After over a year of relative remission, in recent months I developed a new, even more charming issue on my face – scaly red blotches floating above the edges of my mouth, like some misbegotten fruit-punch smile.
They started out subtle, and I convinced myself it was the combination of my rakishly deep laugh lines and my current proclivity for facial scruff. (I also secretly feared it was herpes, mostly because now that I only make out with Elise I have precious few reasons to invoke my irrational fear of herpes.) Yet, I put off visiting the dermatologist, thinking I could make the patches disappear with Elidel, more frequent shaving, and the power of positive thought.

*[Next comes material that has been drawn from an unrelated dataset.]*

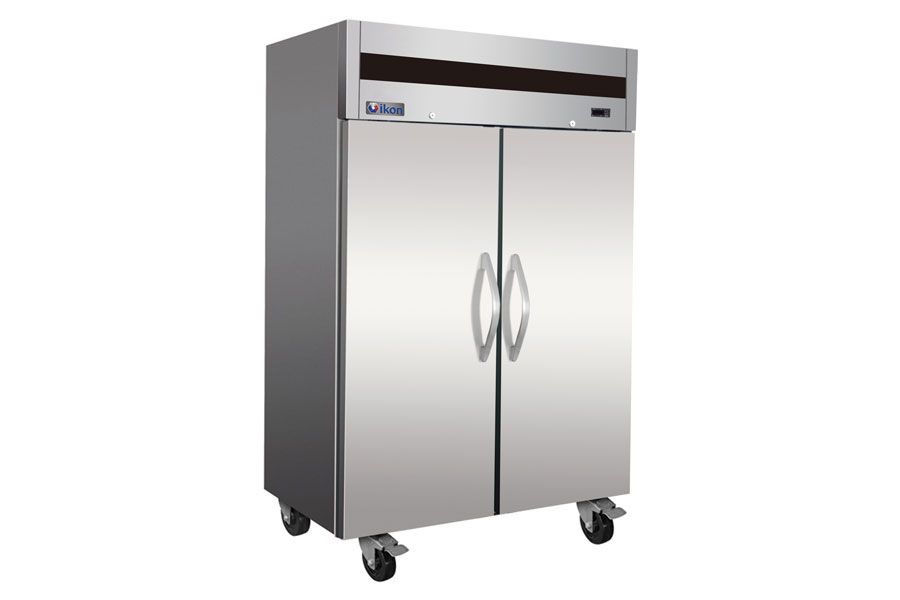 IKON IT56R 2 Solid Doors Upright Top Mount Refrigerator is a reliable piece of professional kitchen equipment built for commercial aims. Thanks to durable construction and adjustable temperature control, it creates optimal conditions for products storage. Classic silver design with rounded corners and easy-to-clean recessed door handles adds to the overall kitchen interior.

That plan did not work. In fact, in my procrastination the patches got angrier and… well, woundier, if we’re being frank. They edged a little bit too close to herpes territory for my liking. I also developed worse dandruff than ever before, possibly because I was constantly stressing out about my face, and I tend to massage my temples incessantly when I am stressed out. The flakes were as big as granola. It was deadly stuff.
This is my face, people. I might not launch ships with it, but I’m about to launch a fucking multi-thousand-dollar photography package with it on my wedding day, and I am really hoping I am not going to have to buy some sort of Michael Jackson-approved pancake makeup kit to cover up my various flaws.
(Also, do you trust someone to tell you about how awesome your new marketing campaign is going to be when his winning perfect smile is adorned with two possibly herpes-based open sores, and who creates a tiny blizzard of flakes every time he turns his head or rearranges his hair? And, that’s to say nothing about how incredibly compelling it is to watch a songwriter who looks like he wandered offstage in his biblical leper costume from a revival of Jesus Christ Superstar.)
Back to the dermatologist I went, secretly crossing fingers and toes that I had not caught airborne herpes from the skeevy lady who used to make my morning smoothies.
Happily, that was not the diagnosis. No, it was a newer, deadlier version of my sebderm, and it meant business. My face and scalp were put on hard-core, expensive, non-formulary drugs – steroids that warned that I might experience visual hallucinations, a shampoo that could strip chrome off a bumper, and a foam that explicitly reminded me not to use it on my genitals, lest I be tempted.
Well, folks, I am here two weeks later to report that my dermatologist was right again, and her newer, more aggressive treatment knocked the reddened and/or precipitous fight out of my head. My laugh-lines are back to their rakish selves, even with scruff, and today I pawed at my hair at-length like I was in a 90s-era Herbal Essence commercial and produced nary a flake.
Yet, with progress I have paid a price: due to my temporary run of steroids I am now proudly bearing the complexion of a high school wrestler.
Seriously. And, not just little pimples that you can contain with face-washing and salicylic acid. No. Serious acne, which I have never in my life previously experienced.
While I am happy to be rid of my red patches, my prior issue was hell of a lot less conspicuous than the current alternative – which lead one of my coworkers to ask me if someone had punched me, because the area around my right eye is so puffy and red.
Yes, that is totally progress towards the photography package.
Elise, bless her heart, has been incredibly supportive, and through this process has endured all manner of facial applications, including ones I must wear only in the dark, and others that bleached an entire set of our sheets. She also believes that doctors should be trusted implicitly, which I know to be false. Though she has gamely pretended that my outbreak is no big deal, ultimately she agreed with my diagnosis that I ought to stop the steroids a day or two before I started regaining other high-school traits like having crushes on red-heads or writing songs about how I am not actually gay.
Why? Because she loves me? Perhaps, perhaps. However, I choose to believe that it’s because – despite recent appearances to the contrary – she has a biological imperative to stick with her evolutionarily fit man.